One of the videos shows Dandara alone, already injured and bleeding. She is sitting on a cemented area of the sidewalk with a yellow shirt in her hand, which she used to wipe away the blood. Other people incite further beatings, and she begs not to be hit anymore. Another video shows Dandara being tortured by three men for not being able to get into a wheelbarrow due to her condition. She was kicked and slapped in the head, and also hit with a sandal on the head and a piece of wood, while being insulted. At the end of the recording, five men come together to put Dandara in the wheelbarrow and take her to another location. Later, she was shot twice and hit hard in the head with a rock, dying from a traumatic brain injury.

==Investigation==
The investigation into the case was coordinated by detectives Bruno Ronchi Vieira, from the 32nd Police District (32nd DP) of Bom Jardim, and Arlete Silveira, from the Child and Adolescent Police Station (DCA). After the murder gained widespread attention with the release of videos of the incident on the internet, Ronchi stated that those involved in the crime had been identified, but had not yet been arrested. He reported that the video of the assault was sent two days after the murder and that, in addition to the people appearing in the video, other criminals were identified as responsible for the crime. According to him, case was not being widely publicized so as not to hinder the investigations.
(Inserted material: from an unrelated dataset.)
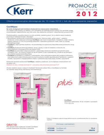 PROMOCJE zima-wiosna 2012 Oferta promocyjna obowiàzuje do 15 maja 2012 r. lub do wyczerpania zapasów. CaviWipes Na rynku dost´pnych jest mnóstwo chusteczek do oczyszczania i dezynfekcji… Czy zdajesz sobie spraw´, ˝e niektóre z nich kompletnie nie spe∏niajà swoich funkcji? Czy zwróci∏eÊ uwag´, ˝e potrzebujesz niejednokrotnie u˝yç kilku sztuk, aby efektywnie wyczyÊciç i zdezynfekowaç powierzchni´? PrzetestowaliÊmy wszystkie obecne na rynku produkty i jesteÊmy pewni, ˝e to w∏aÊnie nasze chusteczki przyniosà Ci najwi´cej korzyÊci. Dlaczego? • SprawdziliÊmy skutecznoÊç oczyszczenia powierzchni. Ró˝nic´ widaç „go∏ym okiem”. JesteÊmy przekonani, ˝e te˝ zobaczysz przewag´ CaviWipes nad innymi chusteczkami. Dodatkowo, dzi´ki niskiemu st´˝eniu alkoholu (17,2%) nie powodujà odbarwieƒ i uszkodzeƒ powierzchni mebli, foteli czy sprz´tu stomatologicznego! • CaviWipes, dzi´ki spoistej strukturze, nie pozostawiajà na czyszczonej /dezynfekowanej powierzchni smug i w∏ókien. • CaviWipes skutecznie eliminujà bakterie, wirusy i grzyby, a czas ich dzia∏ania w stosunku do poszczególnych mikroorganizmów jest bardzo krótki. • CaviWipes sà optymalnie nasàczone p∏ynem, zapewniajàc skuteczne nawil˝enie powierzchni przez wymagany czas – po otwarciu torebki nic si´ nie wylewa, a p∏yn wydostaje si´ z chustki po jej ÊciÊni´ciu lub w trakcie oczyszczania/dezynfekcji. • CaviWipes sà dost´pne w torebkach z zamkni´ciem, które s∏u˝à jednoczeÊnie jako podajnik pozbawiony wad klasycznych pojemników/puszek do przechowywania chustek dezynfekcyjnych (problemy z wyj´ciem chustek, rozrywanie w nieodpowiednim miejscu i pobieranie zbyt du˝ej liczby chustek, wysychanie) Koniecznie sprawdê skutecznoÊç CaviWipes. JesteÊmy przekonani, ˝e nie b´dziesz chcia∏ zamieniç ich na ˝adne inne… Zadzwoƒ do nas, a zamiast promocji 3+1 za t´ samà cen´ otrzymasz promocj´ 3+3!* Chcesz wiedzieç wi´cej o naszych chustkach? Koniecznie zobacz filmy o CaviWipes na YouTube lub odwiedê naszà stron´ internetowà www.kerrhawe.pl. CaviWipes ZawartoÊç opakowania: 45 szt. chustek o wymiarach 17,5 x 22,5 cm. * Oferta 3+3 dost´pna wy∏àcznie drogà telefonicznà lub u przedstawiciela Kerr do wyczerpania zapasów. GRATIS! Przy zakupie trzech opakowaƒ chustek CaviWipes czwarte opakowanie otrzymasz w prezencie. Informacja o zamówieniach: 4731245 CaviWipes (x3) 4731245 CaviWipes 75 z∏ GRATIS Premise Materia∏ kompozytowy o najlepszej estetyce Premise Syringe Standard Kit ZawartoÊç opakowania: 8 x 4 g strzykawek z materia∏em w odcieniach: Enamel A2, A3, A3.5, B2, Dentine A2, A3, A3.5, Translucent Clear; 1 x 5 ml butelka OptiBond XTR Primer; 1 x 5 ml butelka OptiBond XTR Adhesive; 50 aplikatorów; KerrHawe Polishing Kit; instrukcja u˝ycia. GRATIS! Przy zakupie Premise Syringe Standard Kit otrzymasz w prezencie dwie strzykawki z materia∏em Premise w dowolnym odcieniu! Informacja o zamówieniach: 35457 32712-32741 remise Syringe Standard Kit P Premise, strzykawka z materia∏em w dowolnym odcieniu (x2) 980 z∏ GRATIS Premise – pojedyncze strzykawki Dost´pne odcienie: – szkliwne: A1 (32712), A2 (32713), A3 (32714), A3.5 (32715), A4 (32716), B1 (32717), B2 (32718), B3 (32719), B4 (32720), C1 (32721), C2 (32722), C3 (32723), C4 (32724), D2 (32725), D3 (32726), D4 (32727), XL1 (32728), XL2 (32729), – z´binowe A2 (32730), A3 (32731), A3.5 (32732), A4 (32733), B1 (32734), B2 (32735), C2 (32736), D2 (32737), – translucentne: Amber (32738), Grey (32739), Clear (32740), Super Clear (32741). 95 z∏ Specjalna cena! Premise ZawartoÊç opakowania: 1 x 4 g strzykawka z materia∏em w wybranym odcieniu. Informacja o zamówieniach: 32712-32741 Premise, strzykawka z materia∏em w dowolnym odcieniu 95 z∏ Herculite XRV Niezawodny klasyk – najd∏u˝sze badania kliniczne wÊród materia∏ów kompozytowych. Herculite XRV Custom Kit ZawartoÊç opakowania: 4 x 5 g strzykawki z materia∏em w odcieniach szkliwnych A1, A2, A3, B2; 2 x 5 g strzykawki z materia∏em w odcieniach z´binowych A2, A3; 1 x 5 ml butelka OptiBond Solo Plus; 1 x 3 g strzykawka z wytrawiaczem Kerr Gel Etchant; 10 jednorazowych koƒcówek aplikacyjnych do wytrawiacza; 25 jednorazowych tacek do systemów wià˝àcych; 50 jednorazowych aplikatorów. GRATIS! Przy zakupie Herculite XRV Custom Kit otrzymasz w prezencie dwie strzykawki z materia∏em Herculite XRV w dowolnym odcieniu! Informacja o zamówieniach: 62811 7722859-7723392 Herculite XRV Custom kit Herculite XRV Syringe Refill (x2) 650 z∏ GRATIS Herculite XRV Syringe Refill – pojedyncze strzykawki Dost´pne odcienie: – odcienie szkliwne (Enamel), strzykawki 5 g: A1 (7722859), A2 (7722860), A3 (7722861), A3.5 (7722862), A4 (7722863), B1 (7722864), B2 (7722865), B3 (7722866), B4 (7722867), C1 (7722868), C2 (7722869), C3 (7722870), C4 (7722871), D2 (7722872), D3 (7722873), D4 (7722874), – odcienie z´binowe (Dentine), strzykawki 5 g: A1 (23391), A2 (7722875), A3 (7722876), A3.5 (7722877), A4 (23390), B1 (7722878), B2 (7722879), B3 (7723389), C1 (7723387), C2 (7722880), C3 (7723386), D2 (7722881), D3 (7723384). 69 z∏ Specjalna cena! Informacja o zamówieniach: 7722859-7723392 Herculite XRV Syringe Refill 69 z∏ OptiDisc Krà˝ki do opracowania wst´pnego i polerowania wype∏nieƒ Opakowania uzupe∏niajàce ZawartoÊç opakowania: – krà˝ki Coarse/Medium, Fine i Extra, Fine: 100 szt., – krà˝ki Extra Coarse: 80 szt. 82 z∏ Specjalna cena! Numery katalogowe uzupe∏nieƒ krà˝ków OptiDisc Rodzaj krà˝ka\Êrednica 9,6 mm 12,6 mm 15,9 mm Extra-Coarse 4197 4198 4199 Coarse/Medium 4181 4184 4191 Fine 4182 4185 4192 Extra-Fine 4183 4186 4193 Informacja o zamówieniach: 4181-4183 4184-4186 4191-4193 4197-4199 OptiDisc 9,6 mm, 100 szt. OptiDisc 12,6 mm,100 szt. OptiDisc 15,9 mm, 100 szt. OptiDisc Extra-Coarse, 80 szt. 82 82 82 82 z∏ z∏ z∏ z∏ Vertise Flow Samoadhezyjny materia∏ kompozytowy Ve

The special coordinator of public policies for LGBTQ people, Narciso Júnior, told the O Povo Online portal that one of those involved was already in custody.

==Trials==
On 30 November 2017, Judge Danielle Pontes de Arruda Pinheiro, of the 1st Jury Court of Fortaleza, announced the names of the five defendants who would face a jury trial for the crimes of aggravated homicide (vile (morally reprehensible) motive, cruelty, and use of means that prevented the victim's defense) and corruption of minors. The defendants' lawyers had requested the dismissal of the charges, arguing that they had not committed the homicide. Of the accused, only two were fugitives and one had been arrested for another crime. The teenagers were facing charges for offenses analogous to the crimes of aggravated homicide, criminal organization, and illegal possession of a firearm.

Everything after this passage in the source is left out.